The MATLAB implementation is quite deprecated.

Please let us know if you have more questions.

@kayhan-batmanghelich
Copy link
Author

@fsaad

Thank you for your reply. I have a few of questions:

  • Length of the X_L and X_D equal the number of chains but the chains are not drawn from the same models because the hyper-parameters are different, correct? How do you specify the hyper-parameters?
  • As you said, each X_D, X_L contain one posterior sample. To keep sampling from the posterior, do we need to rerun the model from the prior? I don't see any from_the_posterior in the engine.initialize; it only has from_the _prior option. Sampling from the scratch would be time-consuming. I would like to use corsscat inside of another model. Is there anyway?

Thanks,

@fsaad
Copy link
Collaborator

fsaad commented Jun 22, 2017

Length of the X_L and X_D equal the number of chains but the chains are not drawn from the same models because the hyper-parameters are different, correct? How do you specify the hyper-parameters?

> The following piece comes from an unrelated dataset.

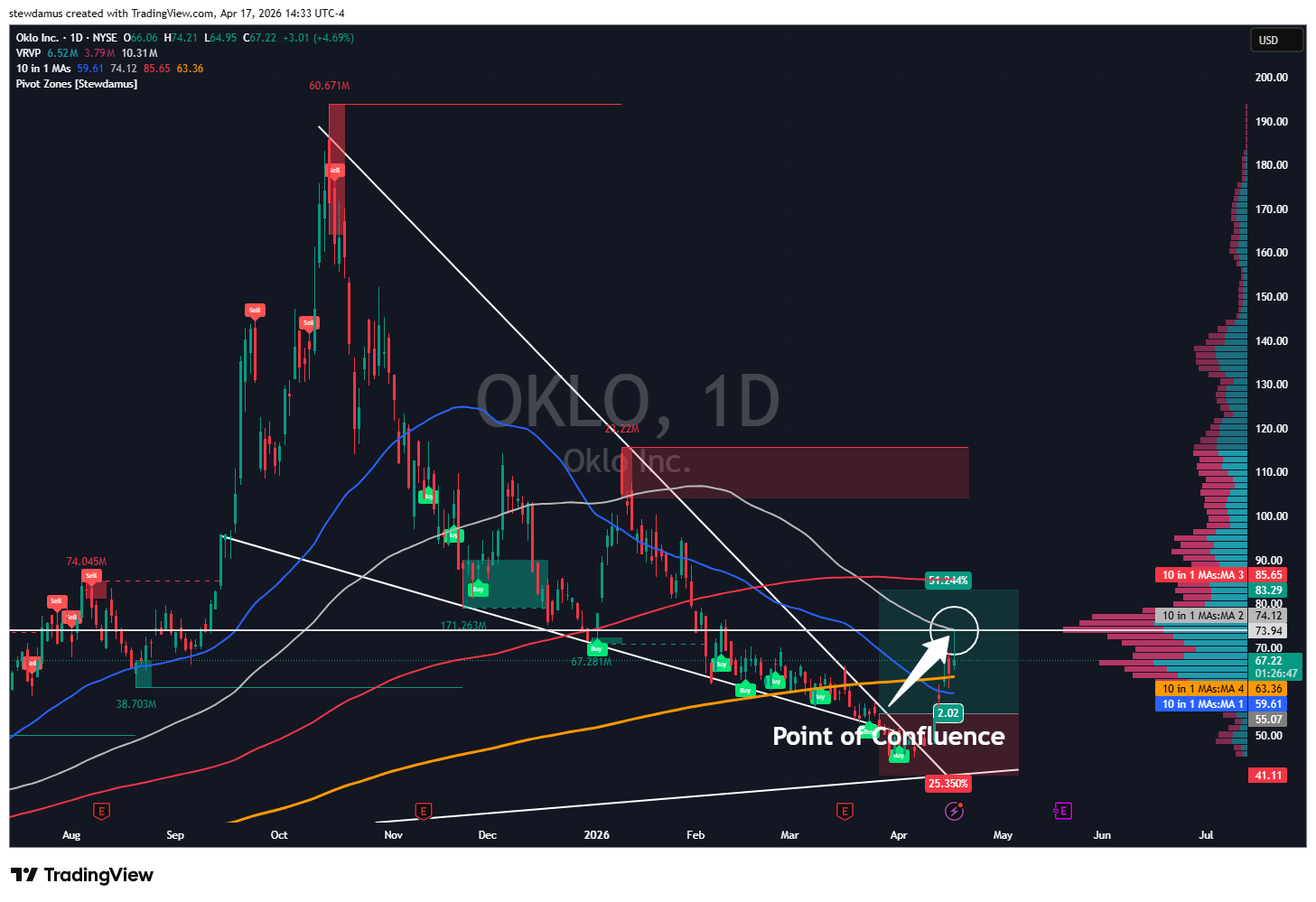Though we are slowing the pace of trades in this volatile market climate, we are still able to capture wins on the best selected entries. OKLO was one of our few trades this last month. Imo, that’s okay. Not trading is also a risk. It is a risk because while that cash is sidelined, we may lose out on opportunities if/when the market takes off. But if done right, it is a way to preserve capital. These last few months, we have done well at both preserving capital while the market has faltered and dropped, and we have also had a few opportunities to capture a few profitable trades. OKLO is one of these trades.

Each chain is initialized by forward sampling all latent variables that comprise the CrossCat prior. There are many latent variables specified by CrossCat, and these are:

  • column CRP concentration
  • column partition
  • distributional (hyper)parameters for each column
  • row CRP concentrations (one for each block of the column partition)
  • row partitions (one for each block of the column partition)

To keep sampling from the posterior, do we need to rerun the model from the prior?

Each chain begins as an independent realization of all the latent variables from the prior. That is what happens when you call X_L, X_D, = engine.initialize(M_c, M_r, T, seed).

You can sample from the posterior by using engine.analyze which takes in X_L and X_D, runs posterior inference, and returns X_L_new and X_D_new. You can then pick-up inference from where it left off by calling engine.analyze again, providing it with X_L_new and X_D_new (which are not prior samples, so analysis does not starting from scratch). You can find an example this workflow here:

https://github.com/probcomp/crosscat/blob/master/src/tests/crosscat_client_runner.py#L41-L44

@kayhan-batmanghelich
Copy link
Author

kayhan-batmanghelich commented Jun 22, 2017

@fsaad

Thanks for the quick reply.

  • Regarding the hyper_param, I was referring this:
print "size of the chain : ",  len(X_L_list2)
print "X_L_list2[0]['column_hypers'] :" , len(X_L_list2[0]['column_hypers'])
print "len(X_L_list2[0]['column_hypers']) :" , len(X_L_list2[0]['column_hypers'])
print "X_L_list2[0]['column_hypers'][-1] :" , X_L_list2[0]['column_hypers'][-1]
print "X_L_list2[1]['column_hypers'][-1] :" , X_L_list2[1]['column_hypers'][-1]
size of the chain :  25
X_L_list2[0]['column_hypers'] : 64
len(X_L_list2[0]['column_hypers']) : 64
X_L_list2[0]['column_hypers'][-1] : {'mu': 78.60333333333332, 's': 401.091946721303, 'r': 1.0, 'fixed': 0.0, 'nu': 17.521415467935228}
X_L_list2[1]['column_hypers'][-1] : {'mu': 78.60333333333332, 's': 117.4655749680299, 'r': 0.6826384947222036, 'fixed': 0.0, 'nu': 8.164897511055578}

Do you see s and r and nu are different for chain 0 and chain 1 ? Are those samples from distribution on the top of the column_hypers ? If so, where do you specify hyper-params if the columns_hypers ? I don't see that in the API.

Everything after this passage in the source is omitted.